Стихи Успенского на фоне его прозы, вроде бы, отошли на второй план, однако достаточно вспомнить популярнейшие песни, озвученные в своё время «Радионяней», или «Пластилиновую ворону», положенную на музыку Григорием Гладковым, чтобы понять, что эти стихи так же широко известны и любимы детьми. Эдуард Успенский одним из первых сделал песню и мультипликацию серьёзным подспорьем для бытования детской поэзии в современном мире.
Павел Крючков опубликовал в «Новом мире» интервью с Успенским — с таким примечательным диалогом:
«— Вы работаете во всех жанрах и видах литературы, долгие годы пишете и стихи, и прозу. Это, кажется, развивается параллельно.
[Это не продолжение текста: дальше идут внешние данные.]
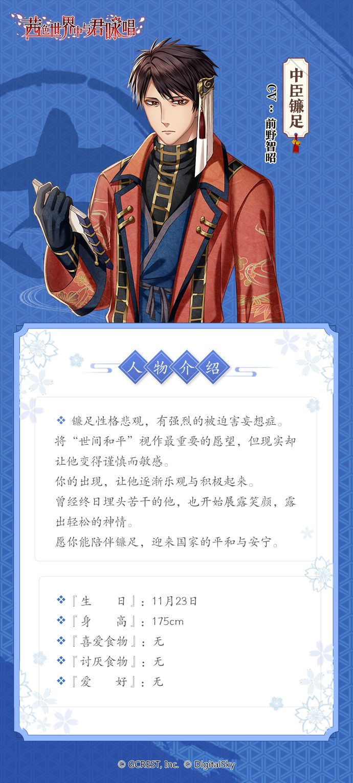 中臣镰足性格悲观,有强烈的被害妄想症,同时是个勤勤恳恳工作、武艺高强的人。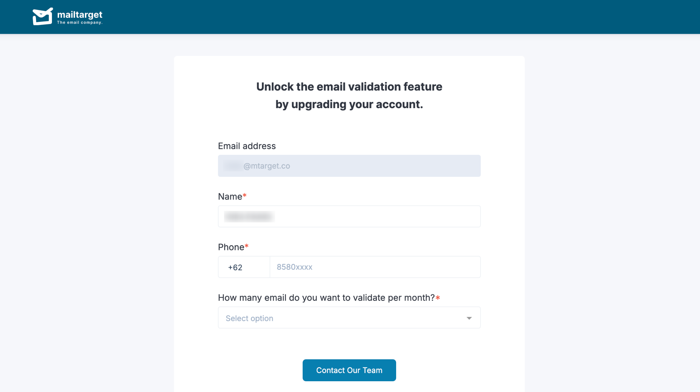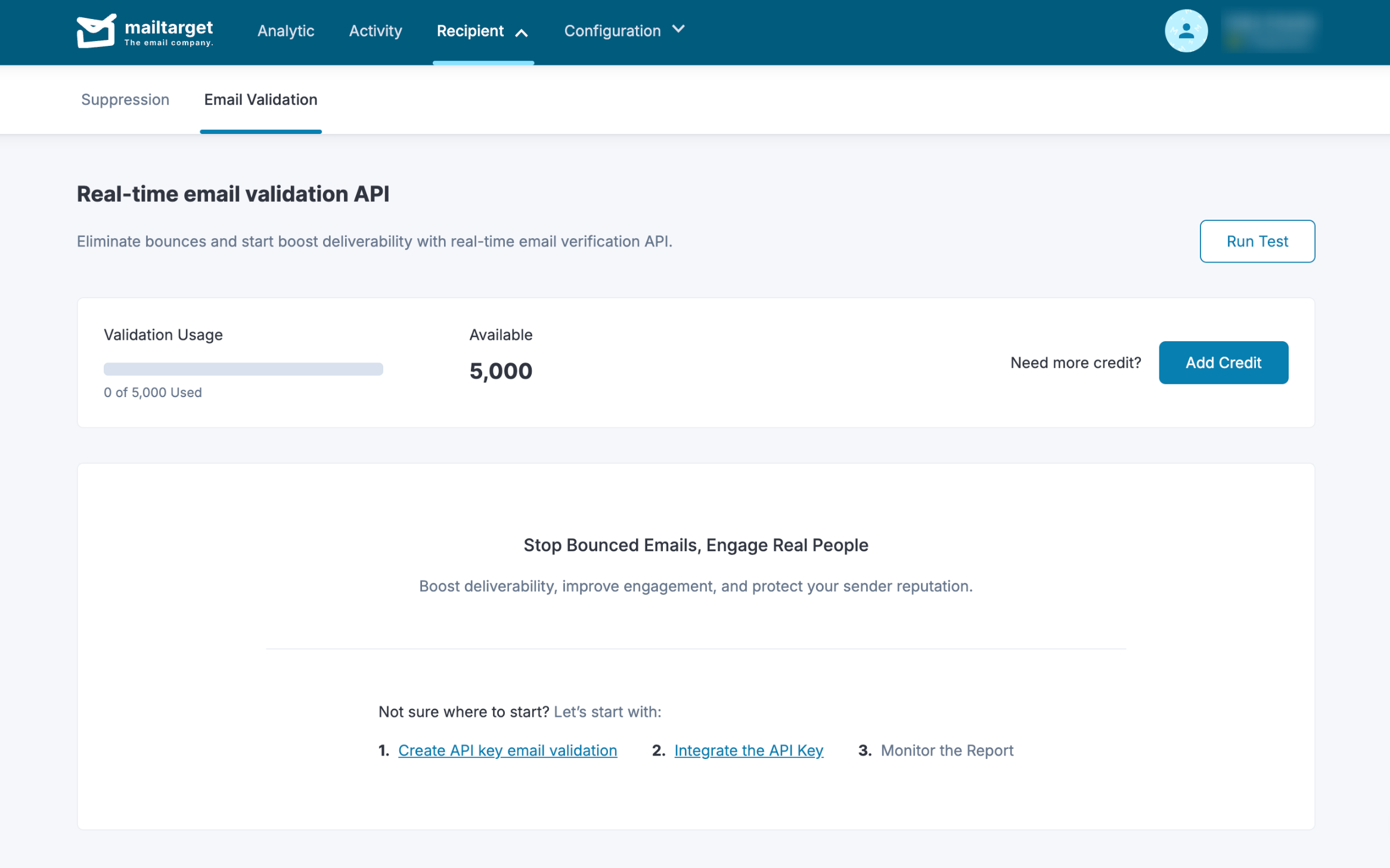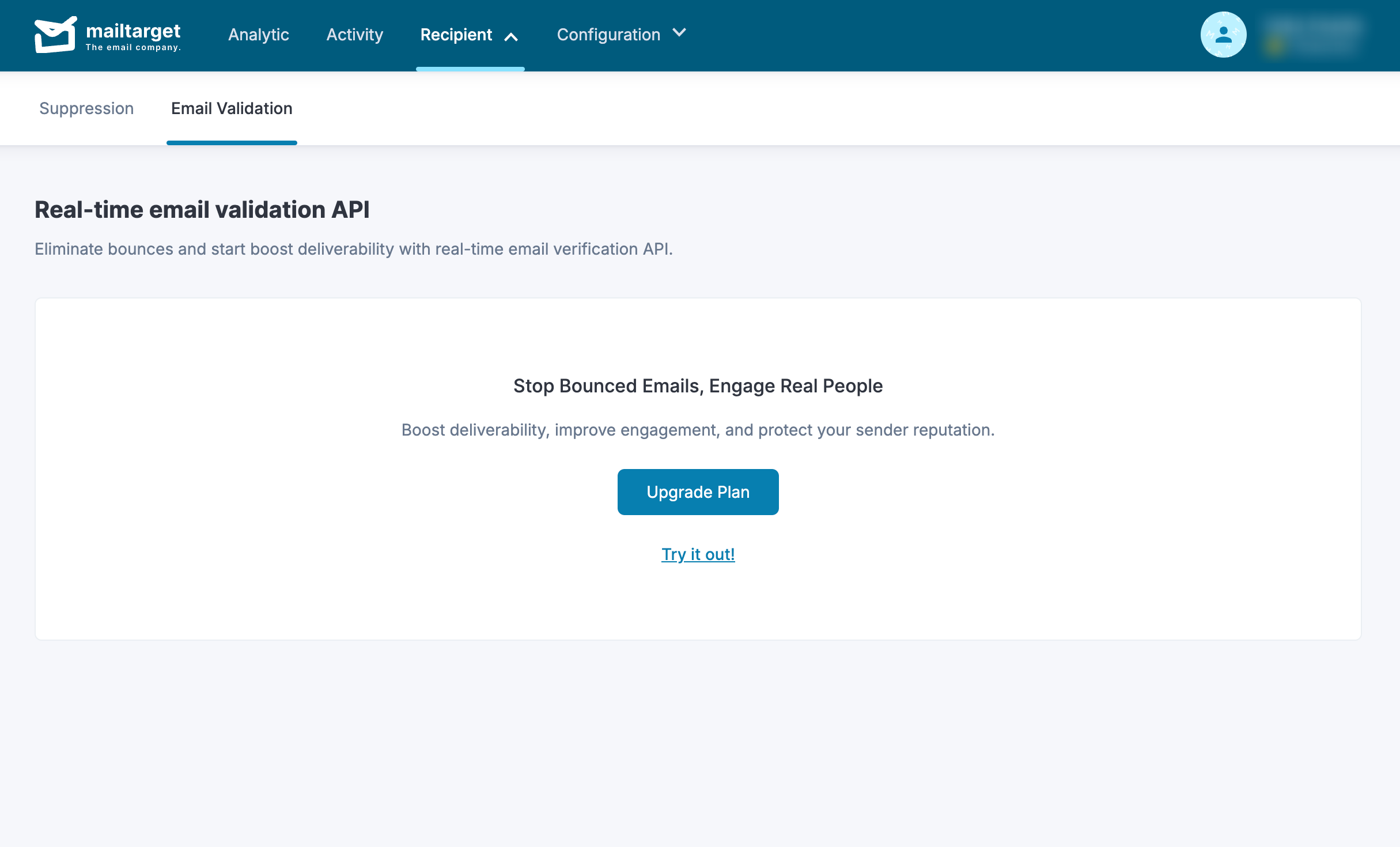 Go to the Recipients > Email Validation page within the Mailtarget dashboard.

Или проза появилась раньше?
— Раньше появились стихи, их у меня меньше, чем прозы.
Я всегда считал, что проза — более сложный вид искусства.
— Многие считают ровно наоборот.
— Пусть считают. Кажется, Гёте говорил, что стихосложение обусловлено и подкреплено ритмом, рифмой — всеми этими костылями. А проза — очень открытая вещь. Помните историю о человеке, который бежал из лагеря? Перед ним открыты все дороги, а перед теми, кто его ищет, — только одна. Та, на которой они могут его найти».
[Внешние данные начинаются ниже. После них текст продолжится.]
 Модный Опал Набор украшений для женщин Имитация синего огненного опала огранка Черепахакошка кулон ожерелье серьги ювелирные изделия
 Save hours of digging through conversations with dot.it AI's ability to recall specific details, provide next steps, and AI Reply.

И потом ещё Успенский добавляет: «Проза всегда сильнее стихов».
Как ни обидно для человека, пишущего именно стихи, должен полностью согласиться с Эдуардом Николаевичем, — исходя, например, из своего переводческого опыта: я всегда полагал, и с годами моя уверенность окрепла, что переводить прозу куда сложнее, чем стихи. При переводе стихов, по крайней мере, классических, ты всегда вооружён «всеми этими костылями» — ритмом, рифмой, т. е. жёстким каркасом. При переводе прозы он рассыпается. Остаётся главное: интонация автора — а её поди улови и интерпретируй!
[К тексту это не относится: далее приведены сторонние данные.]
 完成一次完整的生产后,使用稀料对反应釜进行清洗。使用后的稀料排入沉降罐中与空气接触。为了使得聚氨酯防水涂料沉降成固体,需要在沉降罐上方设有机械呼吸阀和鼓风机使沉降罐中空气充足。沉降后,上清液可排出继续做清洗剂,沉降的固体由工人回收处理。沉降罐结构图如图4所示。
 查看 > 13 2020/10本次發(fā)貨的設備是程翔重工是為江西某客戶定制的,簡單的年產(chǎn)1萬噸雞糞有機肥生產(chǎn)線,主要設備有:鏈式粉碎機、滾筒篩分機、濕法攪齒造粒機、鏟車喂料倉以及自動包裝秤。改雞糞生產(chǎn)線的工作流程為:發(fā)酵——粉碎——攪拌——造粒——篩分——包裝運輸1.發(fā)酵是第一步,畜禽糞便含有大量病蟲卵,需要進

Свои стихи Успенский «рассказывает» — как рассказывают байки, анекдоты, это рассказы «с преувеличениями», отчего они становятся ещё более заразительными и соблазнительными. При этом Успенский мастерски (а подспудно и назидательно) обыгрывает бытовые штампы (сколько их мы навидались на нашем веку!), превращая стихотворение то в сказку, то в приключение, то в смешной ужастик:
Уж как хочешь —
Верь не верь,
Но живёт за лифтом зверь.
Любит он машинный запах,
У него отвёртка в лапах.
Ночью чудищем лохматым
Он съезжает по канатам,
По решёткам лазает,
Механизмы смазывает.
Провода, контакты, двери —
Всё исправит, всё проверит.
А под утро
Зверь-чудак
Залезает на чердак,
В темноте весь день сидит
И одно себе твердит:
— Детям пользоваться лифтом
Без сопровождения взрослых строго запрещается.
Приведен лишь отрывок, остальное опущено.